The first was the large bronze cauldron which was so enchanted that no matter how many people sat down to eat around it, they would all be fed. The second was the mighty club the Daghda carried with him. Its enormous size meant that it had to be transported on wheels, and it took ten men to lift it. One end of the club killed the living with one blow, while the other end could revive the dead.

The Daghda also had a magical living harp, the Uaithne, called the Four-Angled Music, decorated in gold and jewels, on which he could play music to inspire any mood. It was his playing on this harp that made the seasons arrive in their proper order. This mystical instrument also played three types of music, the music of sorrow, the music of joy and the music of dreaming.

Stories of the Daghda are both plentiful and legendary! One such tale recounts how the Dagda had an affair with Boand, the wife of Elcmar. In order to hide their affair, the Daghda made the sun stand still for nine months and therefore their son, Aengus, was conceived and born in the same single day.

It was this same son Aengus who was to trick the Daghda out of his own home at Brú na Bóinne (Newgrange). Aengus had been away searching for a love he encountered in his dreams but returned to find that the lands of Daghda had been divided by his father among his children, leaving none for him. Needless to say Aengus took exception to this and hatched a plan to regain his birthright.

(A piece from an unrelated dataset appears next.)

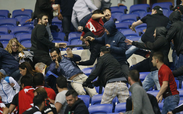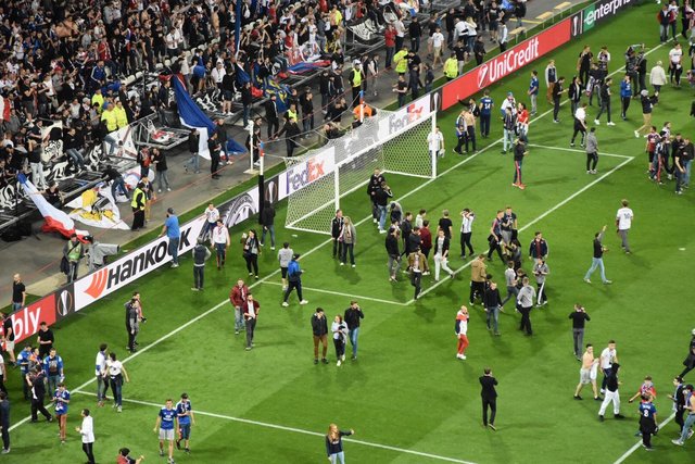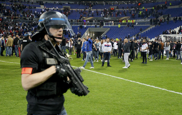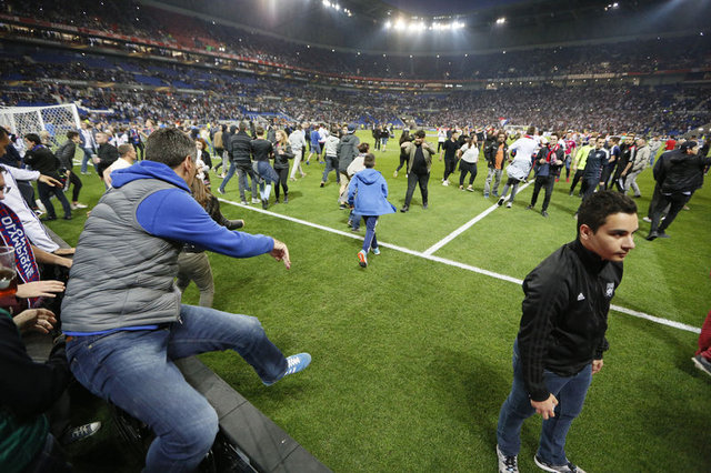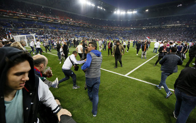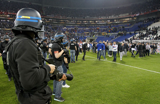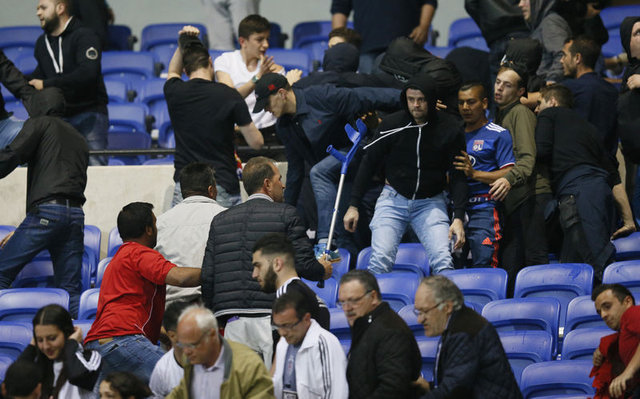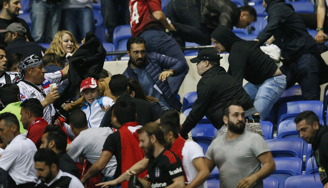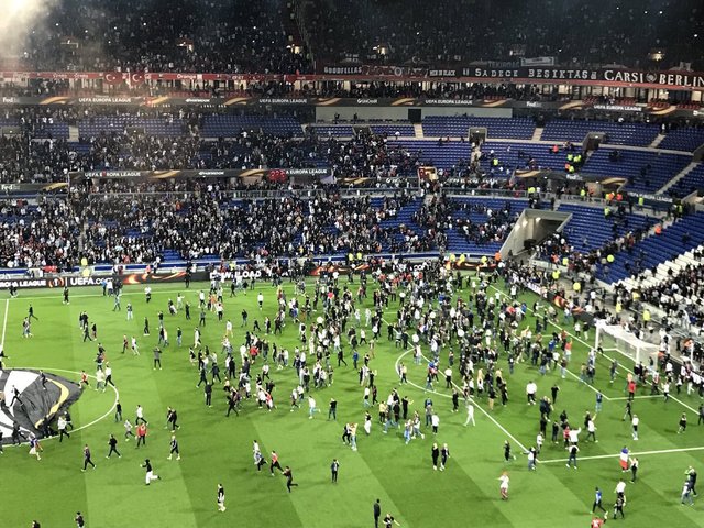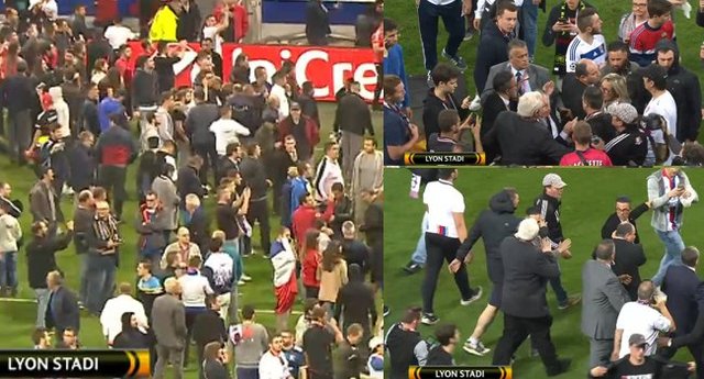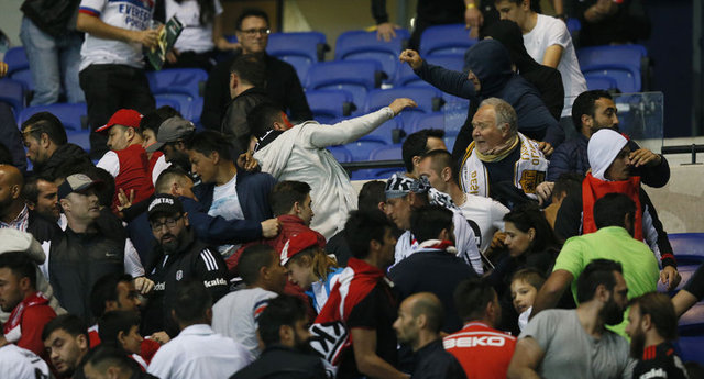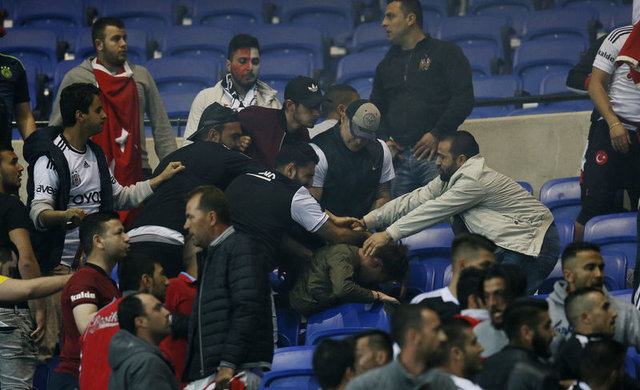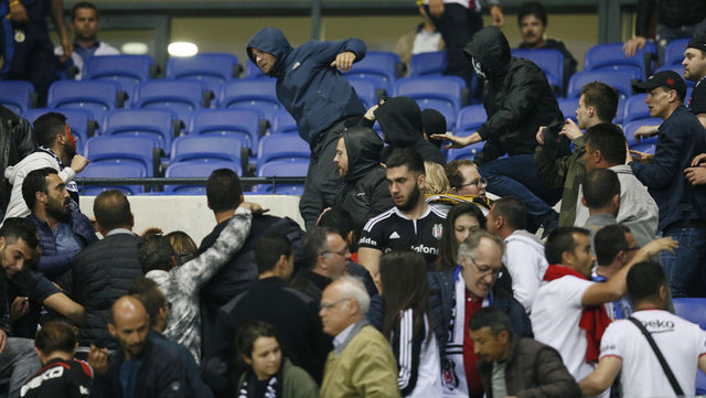 Lyon - Beşiktaş maçı öncesi kavga! Taraftarlar sahaya girdi...

Aengus asked his father if he could be allowed to live at Bru for 'lá agus oiche', meaning 'day and night'. Daghda took it that his son intended to remain for a single day and a single night but such was the manner in which Aengus phrased his request, the request that was granted by the Daghda, that the 'day and night' represented the coninuous cycle of time, day after night, and thus Aengus took possession of Brú na Bóinne for all time.

The tale is recalled in 'Gods and Fighting Men', by Lady Gregory:

But however great a house the Dagda had,
Angus got it away from him in the end,
through the help of Manannan, son of Lir.
For Manannan bade him to ask his father for it for the length of a day and a night,
and that he by his art would take away his power of refusing.

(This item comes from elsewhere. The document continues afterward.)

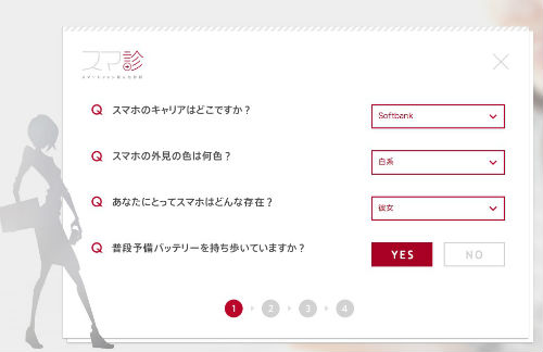 「スマホのキャリア(契約回線)」や「スマホの外見」といった簡単な質問に答えていくと、自分のスマホのキャラが分かります。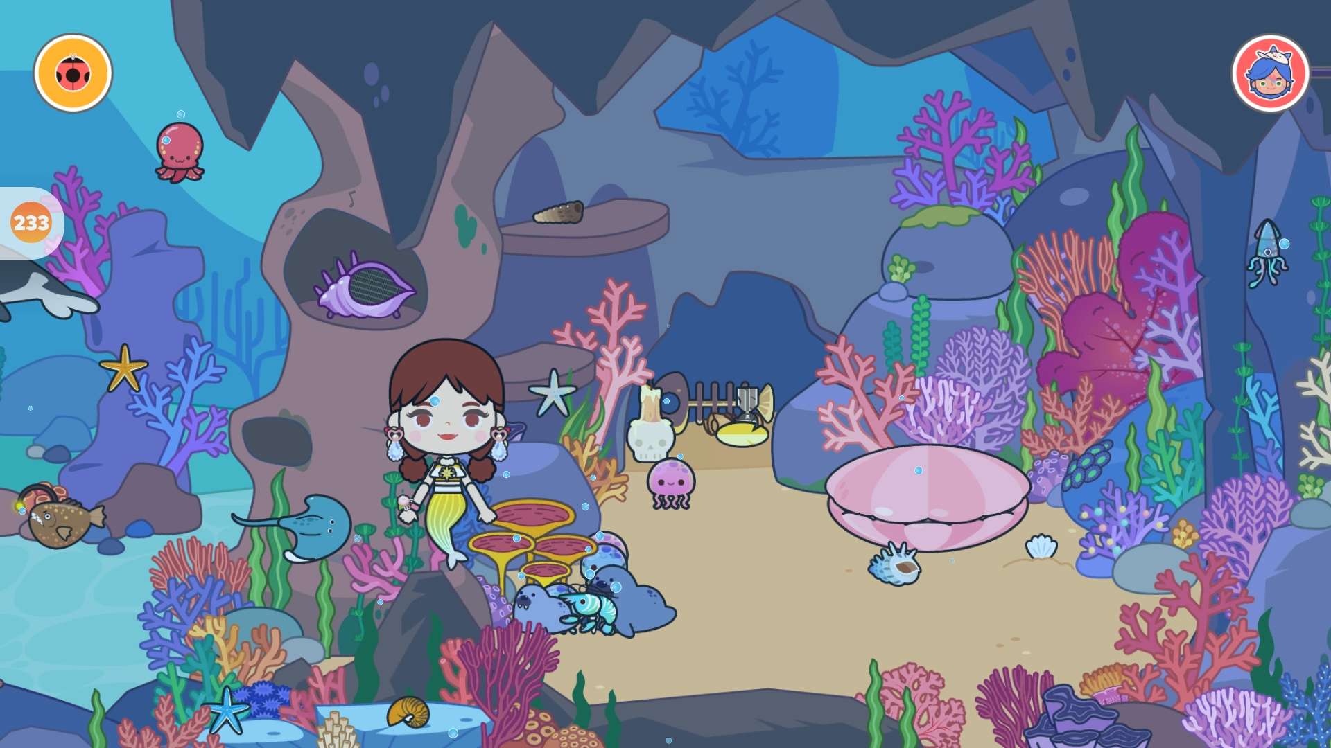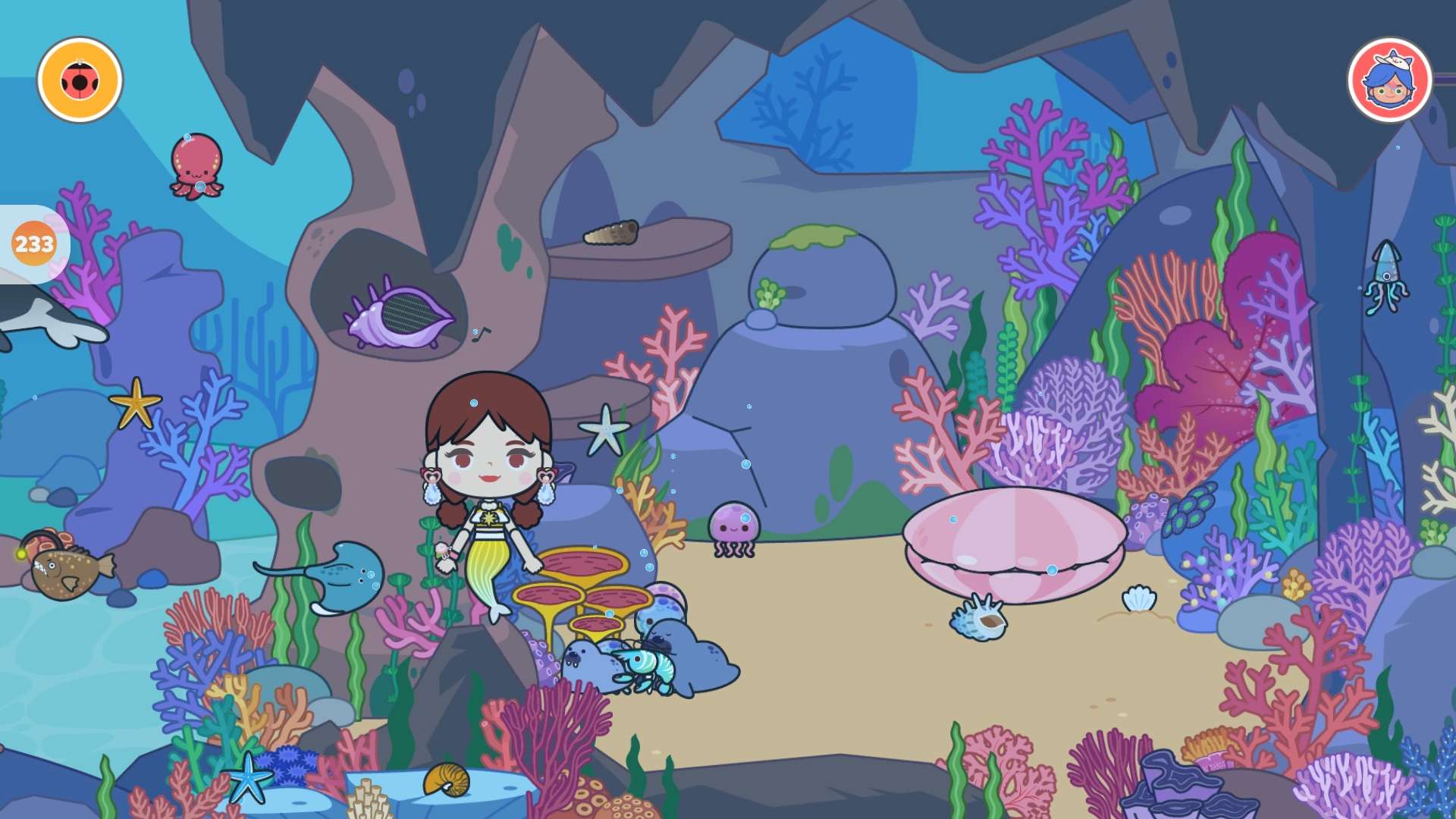 那个紫水母背后是一块很大的石头,如果大家点一下就会发现…

So Angus asked for the Brugh, and his father gave it to him for a day and a night.
But when he asked it back again, it is what Angus said,
that it had been given to him for ever,
for the whole of life and time is made up of a day and a night,
one following after the other.

Perhaps it is fitting that the Daghda met his end by serving the Tuatha Dé Danann whom he commanded for eighty years. The Tuatha Dé Danann fought the Fomorions at 'The Battle of Magh Tuireadh' and it proved to be a crucial event. The Daghda employed all of his magical instruments in the battle and even made sure that the war Goddess, Morrigan, would be on their side by seducing her.

When Morrigan had earlier first seen the Daghda approaching, she stood with one foot on either side of a river to try and make sure he couldn't get at her, but she ended up being so pleased with his skills as a lover that she gave her favour to his side in the battle!

The Daghda then approached the Fomorians in an effort to delay them, seeking a truce. The Fomorians mocked him, filling a cauldron with porridge, gallons of milk, meat and fat and even pigs and goats. The mighty meal was boiled with the Daghda instructed to eat the volume entirety or else face death.

The Daghda was not to be outdone! He scooped up huge portions of the meal with his giant ladle, eating and eating to the amazement of the onlookers, finally finishing his task before collapsing into a deep sleep, with his huge bloated stomach as high as a tree!

Despite being victorious at the Battle of Magh Tuireadh, the Daghda succumbed to a wound inflicted by Cethlenn, the wife of Balor of the Fomorians.

The influence of the Daghda through the genealogies of Irish mythology is enormous. Apart from Aengus the Daghda was also the father of Bobh Dearg (grandfather of the Children of Lir), Cermait, Midir, Aine, and Brigid - marvelous and important characters all!

He is remembered as perhaps the most important of the Gaelic Gods with his influence reverberating through the mythological annals that were to follow.